春島北部の市街地からやや外れたトノッケン山の北の麓に「日本軍砲台跡」が遺されている。
山の麓の崖に掘られた「洞窟」内に「砲座」が設けられている。「砲座」の前には石を詰めたドラム缶が防壁として並べられている。

「砲座」は山の麓のやや小高い場所にあり、西側の「チューク港」や北西側の「チューク国際空港」が見えている。

「砲座」には艦砲1門が据え付けられている。各部の特徴から「安式四十口径十五糎速射砲(アームストロング式40口径15cm速射砲)」と思われる。

「砲座」内は広く、天井も高い。

「15cm速射砲」は、日露戦争(明治37年2月8日~明治38年9月5日)で使用された艦砲で、大東亜戦争当時は既に旧式化していたが、沿岸砲台や船舶に転用されて終戦まで使用された。
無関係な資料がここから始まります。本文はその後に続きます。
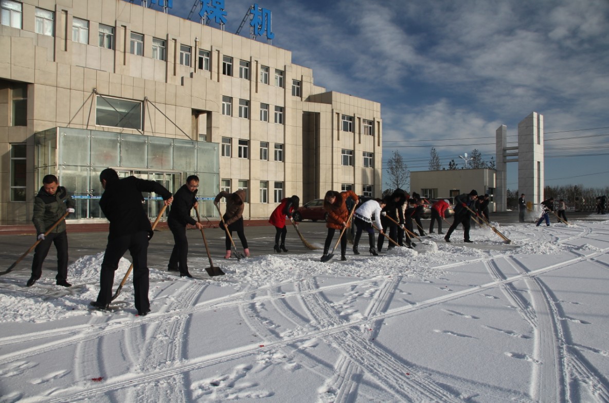 春節過后,一場瑞雪飄然而至,鄂爾多斯地區一片銀裝素裹,這場雪在增加空氣濕度的同時,也給人們的出行帶來了極大不便。2月9日,公司迎來了節后的第一個工作日,同時也迎來了上班后的第一場雪,為了方便廣大員工行走和行車安全,行政管理中心組織集團和煤機公司辦公室人員開展掃雪活動,大家積極響應,拿起掃雪工具,清掃院內的積雪,同事們不畏嚴寒,揮舞著鐵鍬和笤帚,相互配合,你鏟我掃,一點點地將積雪和冰層鏟起集中堆放,在歡聲笑語中掃出了干凈的場區和暢通的大道。經過一 個多小時的辛勤勞動,辦公大樓及宿舍樓周圍的積雪被清掃干凈,使大家在安全行走時增添了幾分好心情。
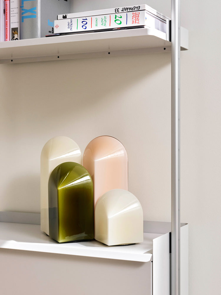 Parade Table Lamp is a sculptural lamp with a distinctive geometric shape that changes the lamp’s expression whichever angle it is turned. Comprising a square base and arched top in coloured glass, it features a custom, integrated LED light source with an inline step-dimmer. Carefully selected sizes and colours complement each other in height and tone, making the lights equally appealing as a group, a single lamp, or as a decorative ornament without the light switched on.
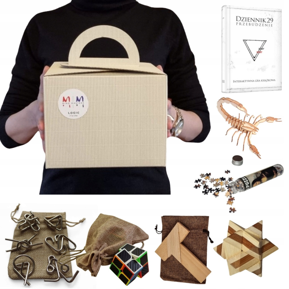 W zestawie LOGIC BOX oprócz książki, która jest jego "sercem", znajdziecie starannie dobrane łamigłówki i gry logiczne, oryginalnie zapakowane lub umieszczone w wysokiej jakości woreczkach.

その為、「15cm速射砲」は太平洋各地の島嶼に遺されている。
トラック諸島では、春島東部のウィティポン山の「日本軍砲台」に「15cm速射砲」が遺されている。また、パラオ諸島バベルダオブ島やマリアナ諸島サイパン島・テニアン島にも複数遺されている。

「尾栓」や「駐退機」は失われている。

「砲座」の奥は広い「洞窟」になっており、かつては「弾薬庫」として使用されていた。
戦後は、「洞窟」「砲座」「砲」は管理する人がいなくなり、付近の現地人が勝手に分譲してしまったようである。「洞窟」にも現地人が住み着き、「洞窟」内部にはブロック塀などが築かれた。
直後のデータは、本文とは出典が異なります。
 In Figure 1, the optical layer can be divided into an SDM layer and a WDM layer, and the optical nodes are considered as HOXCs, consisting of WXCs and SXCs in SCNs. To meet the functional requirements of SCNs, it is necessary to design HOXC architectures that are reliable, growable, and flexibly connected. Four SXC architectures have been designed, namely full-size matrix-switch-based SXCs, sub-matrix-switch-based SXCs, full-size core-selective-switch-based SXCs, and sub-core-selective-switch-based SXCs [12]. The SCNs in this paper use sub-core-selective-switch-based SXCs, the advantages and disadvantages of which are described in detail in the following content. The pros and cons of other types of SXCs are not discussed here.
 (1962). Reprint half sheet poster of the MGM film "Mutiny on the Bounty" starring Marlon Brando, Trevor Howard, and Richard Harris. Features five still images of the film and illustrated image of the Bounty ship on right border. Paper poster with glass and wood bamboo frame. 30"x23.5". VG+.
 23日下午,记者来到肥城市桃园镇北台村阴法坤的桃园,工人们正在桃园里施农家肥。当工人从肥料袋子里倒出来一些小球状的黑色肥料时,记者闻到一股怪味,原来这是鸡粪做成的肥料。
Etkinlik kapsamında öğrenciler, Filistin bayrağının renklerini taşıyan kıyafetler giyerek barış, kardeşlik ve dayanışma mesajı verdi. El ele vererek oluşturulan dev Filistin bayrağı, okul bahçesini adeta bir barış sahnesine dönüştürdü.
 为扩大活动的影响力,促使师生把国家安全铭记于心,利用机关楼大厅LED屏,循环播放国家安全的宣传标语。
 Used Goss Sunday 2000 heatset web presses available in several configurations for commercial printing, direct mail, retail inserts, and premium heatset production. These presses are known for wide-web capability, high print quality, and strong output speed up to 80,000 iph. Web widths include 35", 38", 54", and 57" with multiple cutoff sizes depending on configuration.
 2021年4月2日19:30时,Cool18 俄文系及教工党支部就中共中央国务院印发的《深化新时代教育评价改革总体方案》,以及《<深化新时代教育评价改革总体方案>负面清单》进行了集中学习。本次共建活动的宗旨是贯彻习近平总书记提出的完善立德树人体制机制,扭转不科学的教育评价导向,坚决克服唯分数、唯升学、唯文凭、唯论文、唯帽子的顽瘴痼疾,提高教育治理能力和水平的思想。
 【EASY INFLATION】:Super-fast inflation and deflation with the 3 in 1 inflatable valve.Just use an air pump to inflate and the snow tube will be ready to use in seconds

更に、「洞窟」内の住人が「砲台」の所有権を主張して見学料を要求したり、付近住民が物を売りつけようとする等、観光客とのトラブルがあったそうである。一時期は近くに「チューク州知事官邸」があり多少は抑制されていたが、現在は「官邸」も引払われてしまい、再び付近住民が好き勝手にやっているので、訪れる際は注意が必要である。

「日本軍砲台跡」の歩き方

春島北部の市街地の外れにある。

「チューク国際空港」から南東に約1.5km、「チューク港」から東に約1.8km行くと春島の市街地に入り、「十字路」がある。

この「十字路」を右折して南に向かう。途中、右手(西側)に「チューク州立病院」がある。
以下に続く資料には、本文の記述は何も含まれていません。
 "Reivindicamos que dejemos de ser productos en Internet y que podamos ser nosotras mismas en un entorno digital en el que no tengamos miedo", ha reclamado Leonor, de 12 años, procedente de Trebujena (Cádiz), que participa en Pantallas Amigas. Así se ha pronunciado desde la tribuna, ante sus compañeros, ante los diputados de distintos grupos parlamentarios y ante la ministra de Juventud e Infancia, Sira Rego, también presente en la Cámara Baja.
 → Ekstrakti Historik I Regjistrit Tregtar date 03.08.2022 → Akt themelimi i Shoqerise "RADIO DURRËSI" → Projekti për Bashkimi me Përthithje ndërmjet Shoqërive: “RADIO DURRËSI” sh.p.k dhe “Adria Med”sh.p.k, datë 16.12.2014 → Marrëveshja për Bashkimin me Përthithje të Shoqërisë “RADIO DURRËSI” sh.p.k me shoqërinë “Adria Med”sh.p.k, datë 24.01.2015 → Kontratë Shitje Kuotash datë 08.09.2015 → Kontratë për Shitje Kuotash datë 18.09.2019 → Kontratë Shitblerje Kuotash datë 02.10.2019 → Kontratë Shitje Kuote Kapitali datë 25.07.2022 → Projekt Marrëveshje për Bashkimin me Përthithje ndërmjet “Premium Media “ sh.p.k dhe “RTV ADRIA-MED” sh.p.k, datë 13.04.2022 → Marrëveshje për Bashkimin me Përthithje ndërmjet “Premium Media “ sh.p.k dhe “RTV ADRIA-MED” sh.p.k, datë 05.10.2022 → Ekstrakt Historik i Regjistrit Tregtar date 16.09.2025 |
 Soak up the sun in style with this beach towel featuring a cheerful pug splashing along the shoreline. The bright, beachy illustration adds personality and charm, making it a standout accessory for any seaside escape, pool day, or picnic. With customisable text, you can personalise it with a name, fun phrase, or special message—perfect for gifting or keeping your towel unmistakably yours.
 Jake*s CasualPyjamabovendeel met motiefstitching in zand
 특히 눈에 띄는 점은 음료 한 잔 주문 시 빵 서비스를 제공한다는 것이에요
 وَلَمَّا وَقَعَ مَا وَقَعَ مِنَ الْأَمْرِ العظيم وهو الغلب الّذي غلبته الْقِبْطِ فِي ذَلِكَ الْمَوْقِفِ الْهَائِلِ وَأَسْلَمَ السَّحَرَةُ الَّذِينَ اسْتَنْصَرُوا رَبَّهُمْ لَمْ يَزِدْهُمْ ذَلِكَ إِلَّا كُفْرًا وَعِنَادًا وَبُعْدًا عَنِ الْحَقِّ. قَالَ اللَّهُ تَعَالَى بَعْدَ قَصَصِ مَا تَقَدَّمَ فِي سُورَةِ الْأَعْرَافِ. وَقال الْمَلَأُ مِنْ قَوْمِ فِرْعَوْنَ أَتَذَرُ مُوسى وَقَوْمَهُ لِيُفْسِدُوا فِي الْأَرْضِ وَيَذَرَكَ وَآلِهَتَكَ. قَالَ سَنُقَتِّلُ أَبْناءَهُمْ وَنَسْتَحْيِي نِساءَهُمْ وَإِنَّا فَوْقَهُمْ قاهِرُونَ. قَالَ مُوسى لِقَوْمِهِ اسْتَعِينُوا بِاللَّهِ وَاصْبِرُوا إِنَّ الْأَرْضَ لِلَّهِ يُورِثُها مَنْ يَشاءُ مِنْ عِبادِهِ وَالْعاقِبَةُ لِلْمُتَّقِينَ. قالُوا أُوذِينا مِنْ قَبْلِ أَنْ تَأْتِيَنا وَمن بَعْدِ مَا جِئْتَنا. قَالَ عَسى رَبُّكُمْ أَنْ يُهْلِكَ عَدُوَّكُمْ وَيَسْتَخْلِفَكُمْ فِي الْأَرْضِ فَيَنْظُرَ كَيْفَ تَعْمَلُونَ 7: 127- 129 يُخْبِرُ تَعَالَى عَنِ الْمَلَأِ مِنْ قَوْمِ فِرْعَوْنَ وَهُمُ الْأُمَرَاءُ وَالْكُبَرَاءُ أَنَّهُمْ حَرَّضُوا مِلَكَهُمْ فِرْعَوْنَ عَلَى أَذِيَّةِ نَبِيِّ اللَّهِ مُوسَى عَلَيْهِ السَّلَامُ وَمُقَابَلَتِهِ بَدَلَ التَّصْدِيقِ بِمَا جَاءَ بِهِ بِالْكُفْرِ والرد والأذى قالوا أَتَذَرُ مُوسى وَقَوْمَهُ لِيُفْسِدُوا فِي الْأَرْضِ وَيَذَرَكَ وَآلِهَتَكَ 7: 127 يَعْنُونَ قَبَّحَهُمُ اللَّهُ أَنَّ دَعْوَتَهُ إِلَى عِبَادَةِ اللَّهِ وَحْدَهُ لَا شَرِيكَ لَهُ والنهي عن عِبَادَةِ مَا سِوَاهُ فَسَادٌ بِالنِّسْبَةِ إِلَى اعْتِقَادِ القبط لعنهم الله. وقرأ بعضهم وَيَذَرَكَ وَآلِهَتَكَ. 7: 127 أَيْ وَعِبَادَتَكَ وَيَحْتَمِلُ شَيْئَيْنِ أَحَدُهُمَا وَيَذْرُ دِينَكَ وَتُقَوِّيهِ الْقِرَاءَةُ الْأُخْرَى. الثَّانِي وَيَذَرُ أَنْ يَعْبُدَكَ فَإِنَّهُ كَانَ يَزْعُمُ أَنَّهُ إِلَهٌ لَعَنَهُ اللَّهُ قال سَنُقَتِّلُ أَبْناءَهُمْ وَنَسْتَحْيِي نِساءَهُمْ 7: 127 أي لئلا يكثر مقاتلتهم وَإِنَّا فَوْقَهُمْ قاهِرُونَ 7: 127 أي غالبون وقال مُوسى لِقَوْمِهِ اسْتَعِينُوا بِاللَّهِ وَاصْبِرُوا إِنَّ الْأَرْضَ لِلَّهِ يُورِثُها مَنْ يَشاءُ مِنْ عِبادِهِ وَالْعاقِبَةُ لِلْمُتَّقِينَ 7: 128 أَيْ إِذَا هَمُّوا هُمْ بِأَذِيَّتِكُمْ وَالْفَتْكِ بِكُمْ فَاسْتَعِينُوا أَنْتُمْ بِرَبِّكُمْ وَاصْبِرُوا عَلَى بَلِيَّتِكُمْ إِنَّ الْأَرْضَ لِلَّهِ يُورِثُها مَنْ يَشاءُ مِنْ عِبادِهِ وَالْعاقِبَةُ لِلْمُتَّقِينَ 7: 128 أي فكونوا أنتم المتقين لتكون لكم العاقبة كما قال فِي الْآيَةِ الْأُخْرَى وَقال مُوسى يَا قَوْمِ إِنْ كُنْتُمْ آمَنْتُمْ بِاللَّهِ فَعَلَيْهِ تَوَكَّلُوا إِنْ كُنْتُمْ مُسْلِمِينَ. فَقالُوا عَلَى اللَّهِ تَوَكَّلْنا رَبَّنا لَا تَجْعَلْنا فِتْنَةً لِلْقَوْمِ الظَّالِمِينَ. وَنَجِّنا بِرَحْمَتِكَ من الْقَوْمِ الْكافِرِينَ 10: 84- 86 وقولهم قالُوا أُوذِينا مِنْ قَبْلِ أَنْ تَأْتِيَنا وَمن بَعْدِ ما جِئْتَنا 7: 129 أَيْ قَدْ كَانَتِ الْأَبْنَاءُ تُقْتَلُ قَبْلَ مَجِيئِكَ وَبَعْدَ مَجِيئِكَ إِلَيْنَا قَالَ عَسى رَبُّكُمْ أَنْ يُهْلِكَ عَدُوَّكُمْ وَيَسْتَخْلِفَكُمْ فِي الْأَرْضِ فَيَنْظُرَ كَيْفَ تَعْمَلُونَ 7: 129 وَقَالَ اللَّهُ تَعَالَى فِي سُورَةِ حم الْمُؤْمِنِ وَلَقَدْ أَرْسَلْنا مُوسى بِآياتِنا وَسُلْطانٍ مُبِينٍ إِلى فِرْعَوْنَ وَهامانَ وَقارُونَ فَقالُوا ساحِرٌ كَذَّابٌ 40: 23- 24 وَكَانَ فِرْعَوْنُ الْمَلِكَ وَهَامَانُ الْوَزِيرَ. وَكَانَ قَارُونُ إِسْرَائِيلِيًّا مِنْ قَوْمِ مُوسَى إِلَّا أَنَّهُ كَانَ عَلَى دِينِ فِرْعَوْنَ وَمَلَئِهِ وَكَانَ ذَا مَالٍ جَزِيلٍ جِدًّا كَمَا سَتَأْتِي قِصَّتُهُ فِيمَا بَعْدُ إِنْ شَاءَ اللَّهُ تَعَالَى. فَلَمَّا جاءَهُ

更に南に向かい、「十字路」からしばらく行くと道が右に曲がっているので、道になりに進むと先に「T字路」がある。
「十字路」から「T字路」までは500m程である。

「T字路」を左(南側)に曲がって200程行くと、道の右側(西側)に「獣道」の入口がある。

「獣道」を進んでいくと「洞窟」の入口があり、「砲座」に通じている。ちょうどトノッケン山の北の麓にあたる。

「日本軍砲台跡」は私有地内にあり、「洞窟」には現地人が住み着いている。見学や写真撮影をする場合、見学料として地権者(住民)に1人5ドルを支払う。

また、周辺は観光客目当ての物売りが多数いるが、相手にしないほうが良いだろう。

尚、「T字路」から200m程行った「獣道」の入口の先の前方に「貯水タンク」と比較的大きな「廃屋」見える。(写真右下 →)
この「廃屋」は嘗ての「チューク州知事官邸」であったが、現在は使用されていない。

慰霊碑

春島北部の市街地に「慰霊碑」が建てられている。
「慰霊碑」は、台座の上に球体が載り、台座には「和」の一字が彫られている。

「慰霊碑」は、昭和55年(1980年)2月、トラック島戦没者慰霊碑建立委員会によって建立された。
また、「慰霊碑」の為のこの用地は、春島在住の森正隆氏が提供した。森正隆氏は、明治時代にトラック諸島に渡った森小弁の子孫である。現在、森(Mori)一族はトラック諸島の重要なポストを占める一番の実力者である。

碑文には以下のように刻まれている。

「この碑は南太平洋の戦闘(1941~1945)に於いて、トラック島とその海域で犠牲になった軍人軍属在留日本人、マイクロネシア住民の方々の霊を祀り、その遺徳をしのび永世に伝える慰霊の碑である。
1980年2月 これを建つ
トラック島戦没者慰霊碑建立委員会」

隣には同じ内容が英文で刻まれている。

「慰霊碑」の直ぐ後ろ(西側)は海である。

「慰霊碑」の歩き方

春島北部の市街地の海沿いにある。

「チューク国際空港」から南に900m程、または、「チューク港」から北に400m程行くと道路の海側(西側)に2階建ての「商店」がある。

「商店」の敷地前は前に大きな鉄の柵で道路と仕切られている。
「商店」の外観は、2012年3月現在では白と青緑の塗装であるが、以前にはピンクの塗装であった。時々、塗装し直しているようである。

「商店」に向かって右手(北側)に「慰霊碑」がある。「慰霊碑」は道路からも見えている。

因みに、「慰霊碑」から南に150m程行くと、島で唯一の韓国料理店である「オリエンタルレストラン」がある。
また、「慰霊碑」から北に300m程行くと「T字路」があり、ここを右折して東に行くと「チューク州立病院」や「日本軍砲台跡」に行ける。

日本軍作業場跡地

地春島北部の市街地に「日本軍作業場跡地」が遺されおり、米軍の「カマボコ兵舎(Quonset huts)」が複数遺されている。

「カマボコ兵舎」は、戦後に米海兵隊が進駐してきた際に建設され、兵員の宿舎として使用されたようである。

「カマボコ兵舎」はトタン板を張り合わせて造られているのが分かる。

現在、周辺には「トラックショッピングセンター」や「郵便局」「警察署」がある。

「日本軍作業場跡地」の歩き方

春島北部の市街地の南にある。

「チューク国際空港」から南に約1.4km行くと道路の左手(東側・山側)にの奥に「トラックショッピングセンター」がある。

「トラックショッピングセンター」の右側(南側)に「旧米軍兵舎」がある。
この一帯が「日本軍作業場跡地」である。

「トラックショッピングセンター」の向かい(西側・海側)はちょうど「チューク港」である。
また、直ぐ南には「シゲトストア」「グアム銀行」があり、島の繁華街として栄えている。

因みに、「トラックショッピングセンター」から南に550m程行くと、ダイビングショップやレストラン・バーを併設した「トラックストップホテル」がある。